• Task description:
The required answer is an exact copy of every line from the beginning of the entries through the line with "Color Block Leopard V-Neck Blouse", with all pictures omitted.

(Stored data entries)
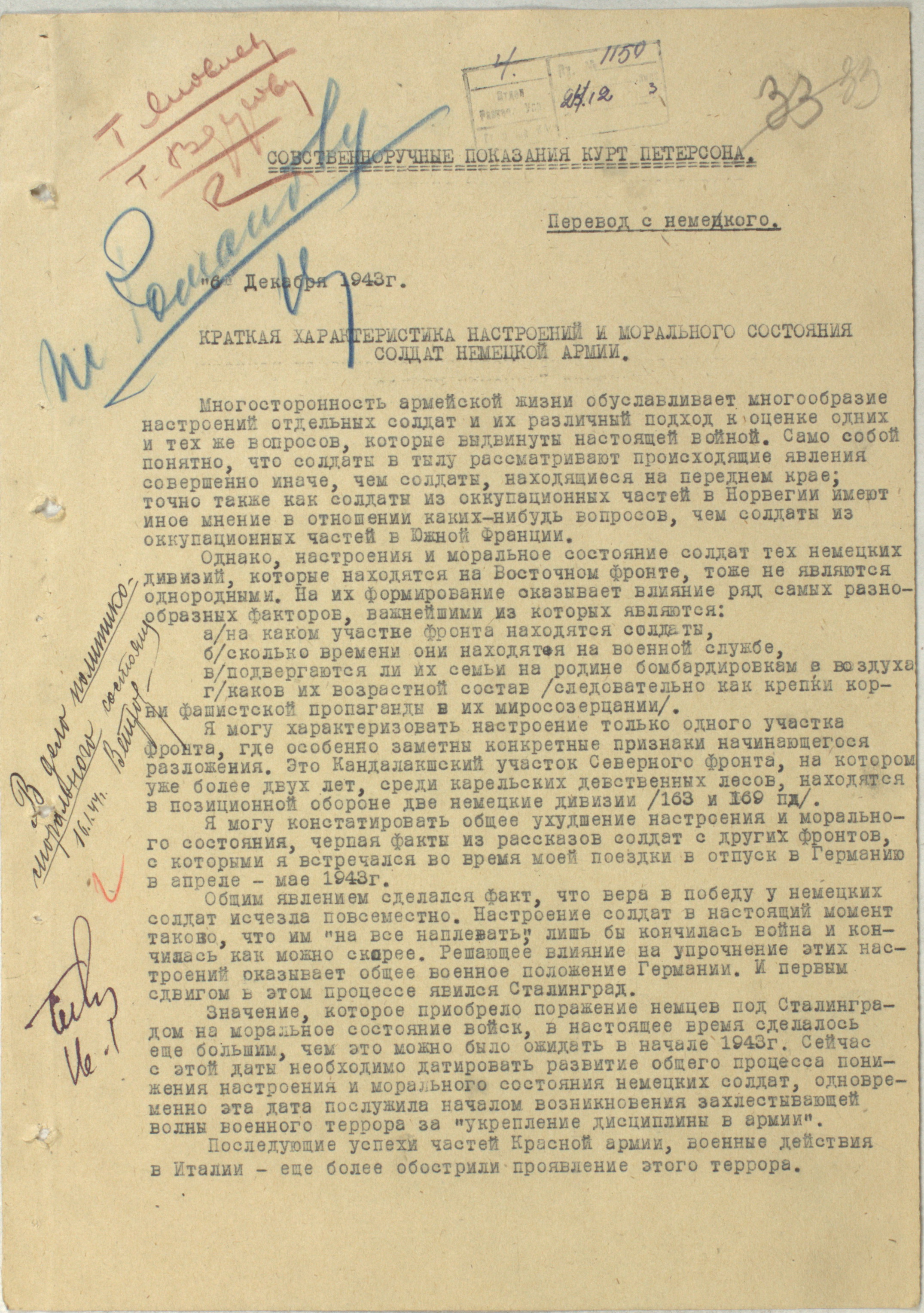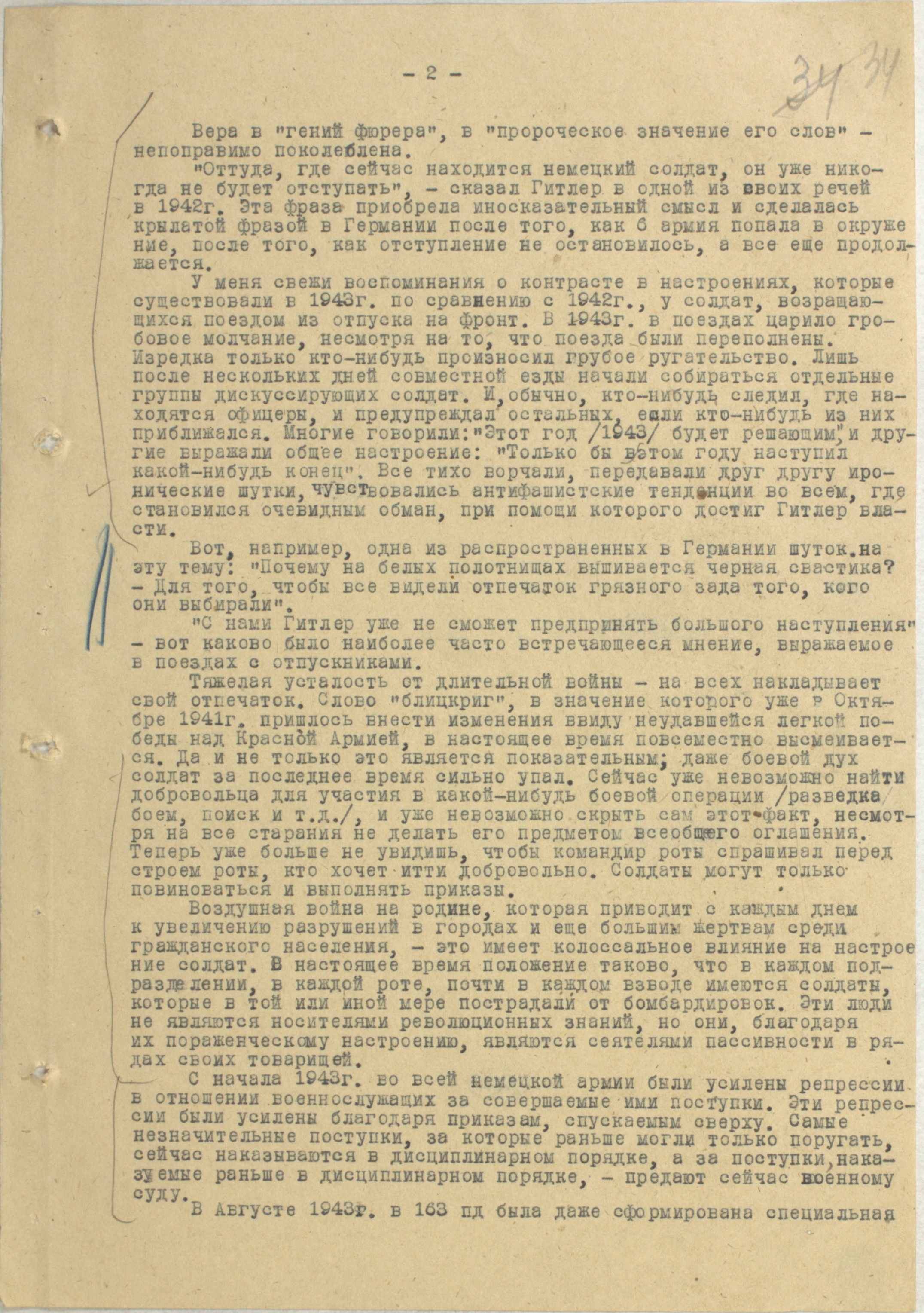 Отчет о настроениях и моральном состоянии солдат вермахта — 1943 г.
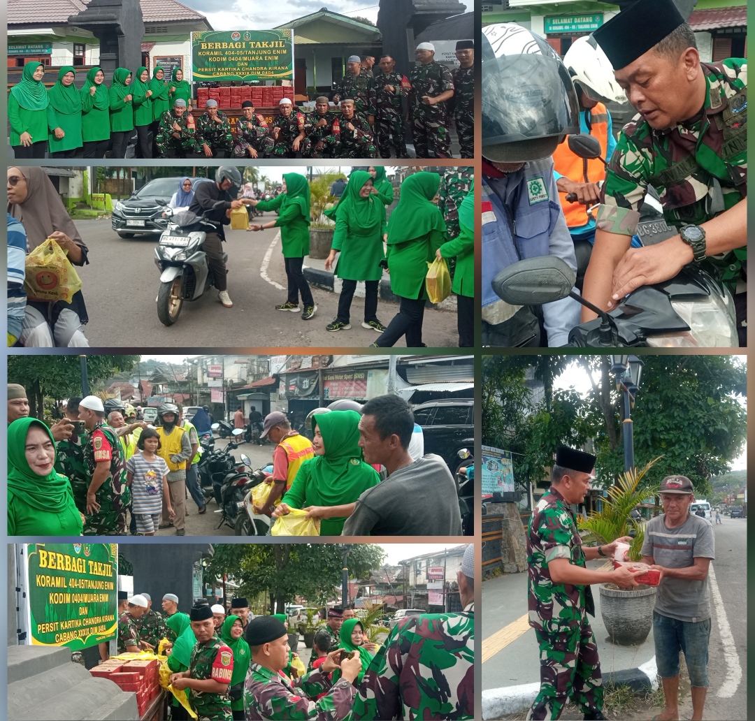 Danramil 404-05/Tanjung Enim Kapten ARH Octavian Zulkarnain ketika dibincangi awak media mengatakan bahwa giat pembagian takjil sudah sering dilakukan, kali ini di inisiasi oleh Dandim 0404/Muara Enim Letkol ARM Tri Budi Wijaya SH.
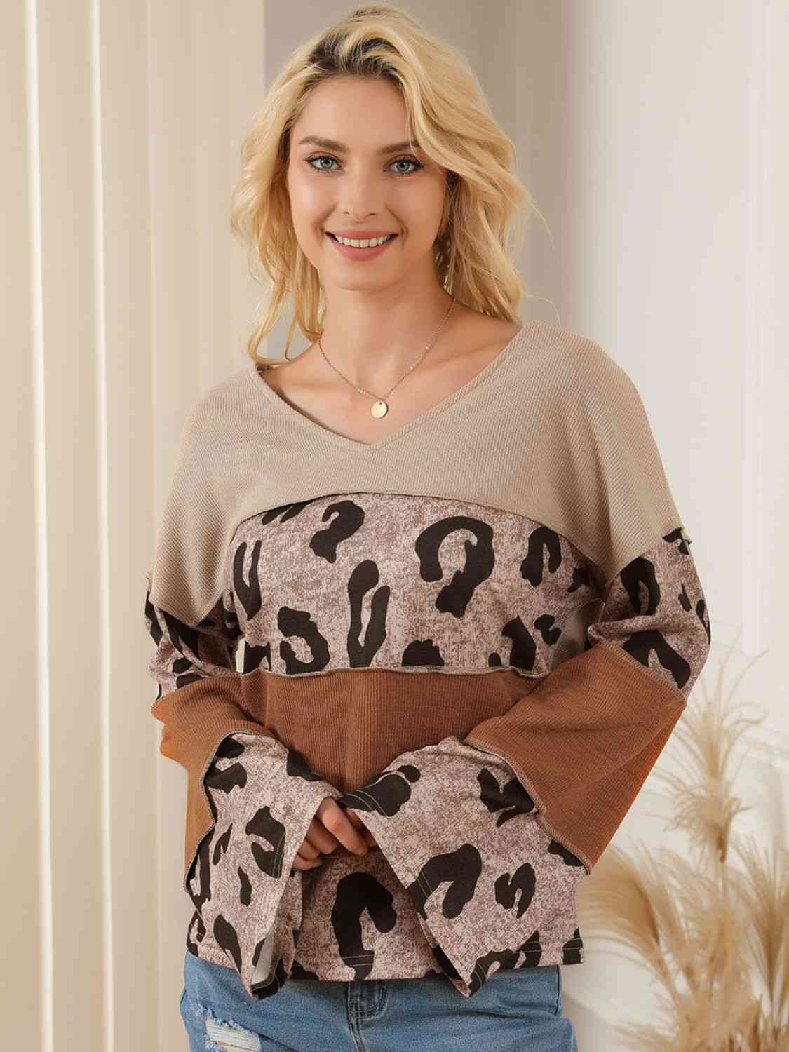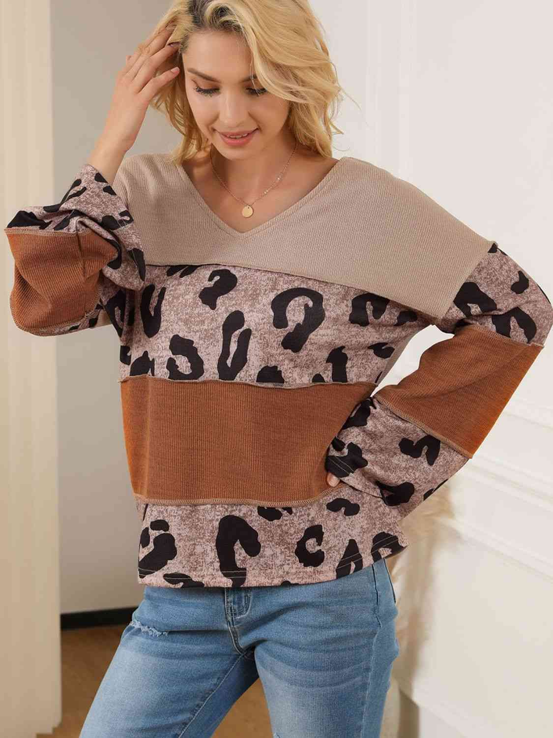 Color Block Leopard V-Neck Blouse
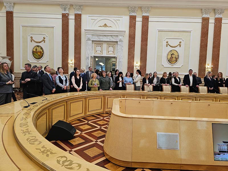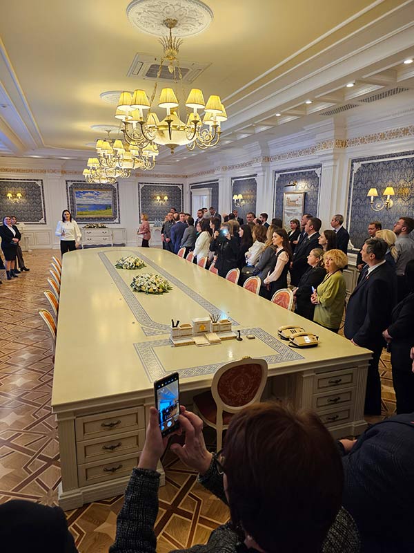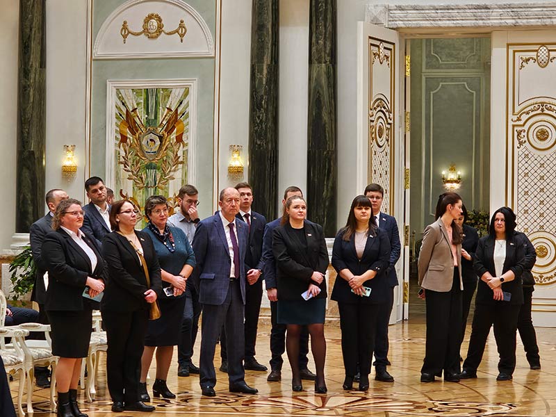 Более 100 человек – работников и ветеранов Министерства связи и информатизации Республики Беларусь и двух подведомственных организаций (Государственного предприятия «БелГИЭ» и РУП «Белпочта») с экскурсией побывали во Дворце Независимости. Поприветствовать гостей вышла пресс-секретарь Президента Наталья Эйсмонт, которая провела познавательную экскурсию и рассказала о самых интересных случаях из жизни Дворца Независимости. В ходе экскурсии узнали об истории строительства и оформления этого комплекса, о вкладе в возведение, обустройство и оформление Дворца белорусских архитекторов, строителей, мастеров, художников и ряда предприятий страны, которые выполнили свои работы на высочайшем уровне. Также услышали исторические факты о знаковых политических событиях и мероприятиях, которые происходили во Дворце, о работе Президента, о приемах гостей высокого уровня. Побывали в основных залах Дворца Независимости, зимнем саду, пресс-центре, символичном музее преподнесенных Главе государства подарков и сувениров. Для Минсвязи 2025 год юбилейный. 5 января 1955 года на базе Уполномоченного Министерства связи СССР было образовано союзно- республиканское Министерство связи Белорусской ССР. Вначале текущего года отметили 70 лет со дня образования Минсвязи. Связь всегда была важной частью жизни государства, а задачи, которые отрасль решала на всех исторических этапах, можно проследить в том, как менялось название органа управления. В 1990 году Министерство связи получает дополнительный спектр задач, а с ним и дополнительное слово в названии – «информатики», с 2004 года - Министерство связи и информатизации. Экскурсия во Дворец Независимости стала для нас не только увлекательным путешествием в историю и посещением тех залов в которых проходили знаковые политические события и мероприятиях, но и символичным событием в контексте 70-летия Министерства связи и информатизации Республики Беларусь Изображение Изображение Изображение Изображение PDF
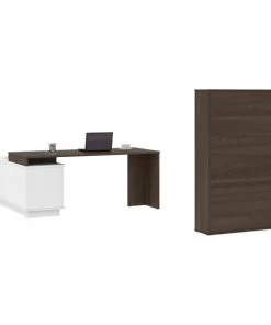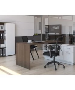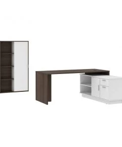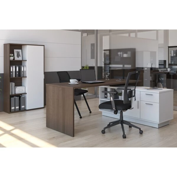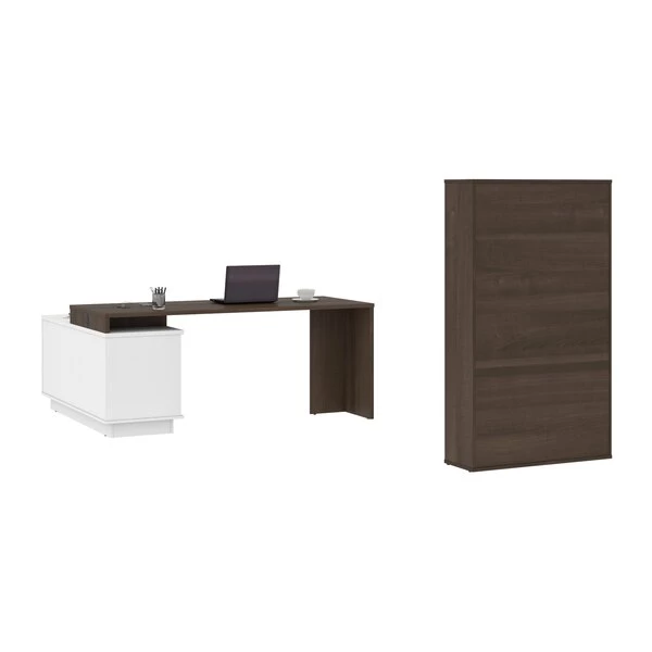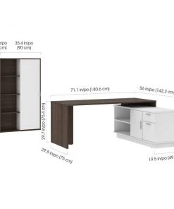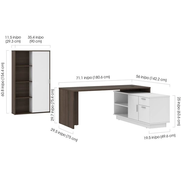 This desk is perfect if you are looking to maximize productivity and space in your office. It features a layered work surface to provide ample room for all your work activities. The stylish bookcase create a chic and sophisticated office environment. Desk: 71.1" W x 56" D x 29.6" H. Durable 1" commercial grade top surface with melamine finish that resists scratches, stains and wear. The layered work surface provides ample room for activities. Drawers on full-extension ball-bearing slides. Includes 1 grommet for wire management and 1 dual power/USB module. The credenza features 1 closed storage area with 1 adjustable shelf, 1 open storage area with 1 adjustable shelf, 1 utility drawer (12. 1" W x 2. 2" H x 15" D) and 1 file drawer (12. 1 W x 8. 75" H x 15" D) with letter/legal filing system. Sturdy construction. Leg levelers to adapt to any floor irregularities. Aluminum handles. The unit is fully reversible. Finished back. Made from high-density commercial-grade particle board compliant with CARB phase 2. Meets or exceeds ANSI/BIFMA performance standards. Excellent customer support. Assembly required (2 people). Bookcase: 35.4" W x 11.5" D x 60.8" H. This cabinet is ideal for saving space in tight areas. Interior is divided vertically into 2 sections (16. 7" W) with 3 adjustable shelves each to increase storage possibilities. The sliding door allows efficient space utilization. Leg levelers to adapt to any floor irregularities. Made from high-density commercial-grade particle board, compliant with CARB phase 2. The cabinet meets or exceeds ANSI/BIFMA performance standards.
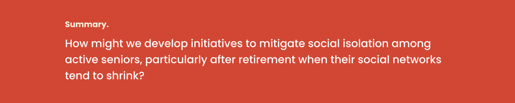 Social isolation among active seniors is a pressing issue today. After retirement, connections from work and social activities often diminish, leading to a smaller social circle. Family members may also be busy or distant, making communication difficult. To address this, programs and services supporting seniors' social connections are crucial. Our 'able' platform will facilitate new friendships and shared interests, reducing isolation and improving quality of life.
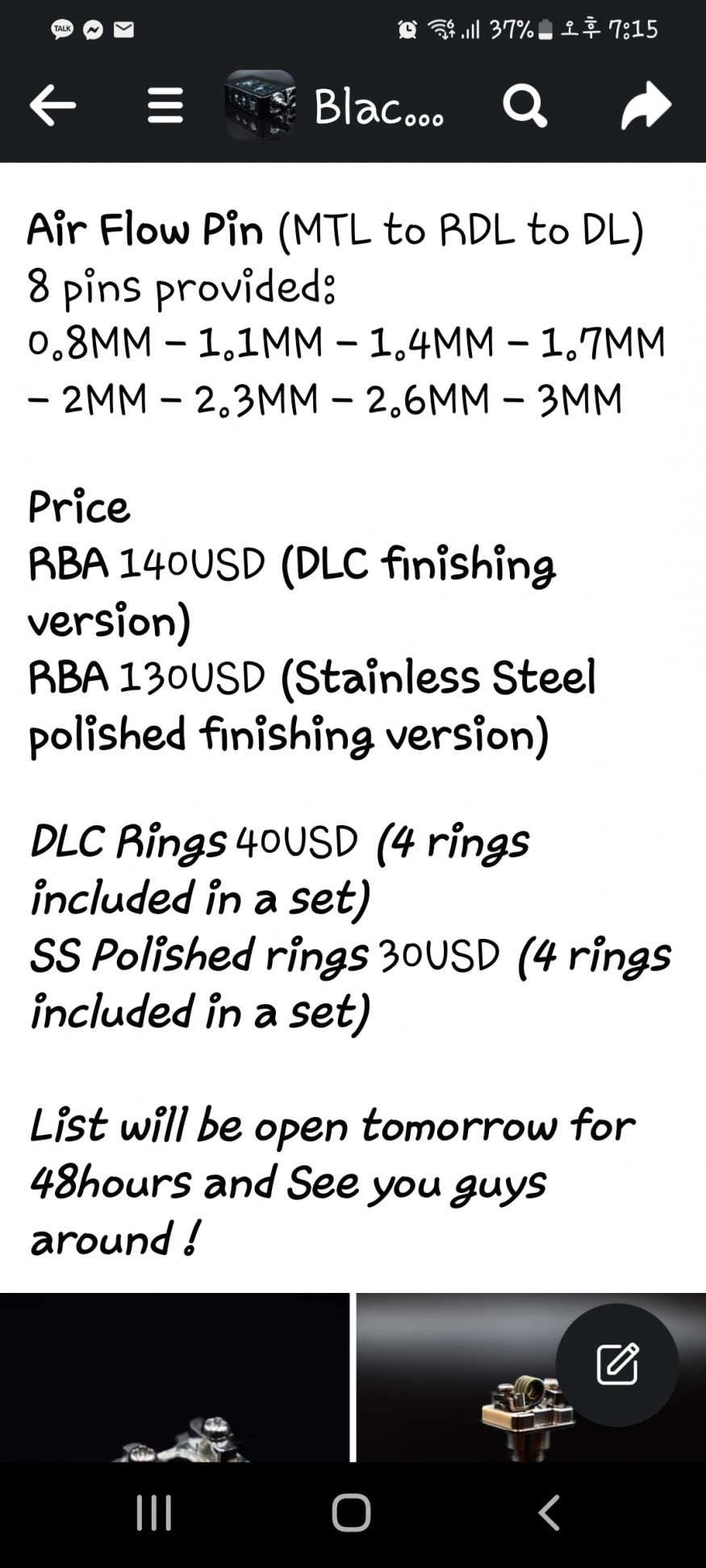 프리오더 48시간 오픈이니 여유롭게 작성할 수 있어 좋네요.
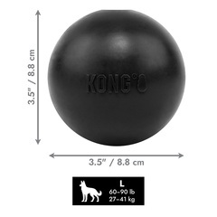 Rebote extremo para un juego activo |Caucho natural resistente a las perforaciones |Tamaño grande |Made in the USA | Materiales de origen internacional |Fórmula de caucho negro KONG diseñada especialmente para masticadores tenaces |Dimensiones: 6,3 cm x 6,3 cm

• Your response:
 Отчет о настроениях и моральном состоянии солдат вермахта — 1943 г.
 Danramil 404-05/Tanjung Enim Kapten ARH Octavian Zulkarnain ketika dibincangi awak media mengatakan bahwa giat pembagian takjil sudah sering dilakukan, kali ini di inisiasi oleh Dandim 0404/Muara Enim Letkol ARM Tri Budi Wijaya SH.
 Color Block Leopard V-Neck Blouse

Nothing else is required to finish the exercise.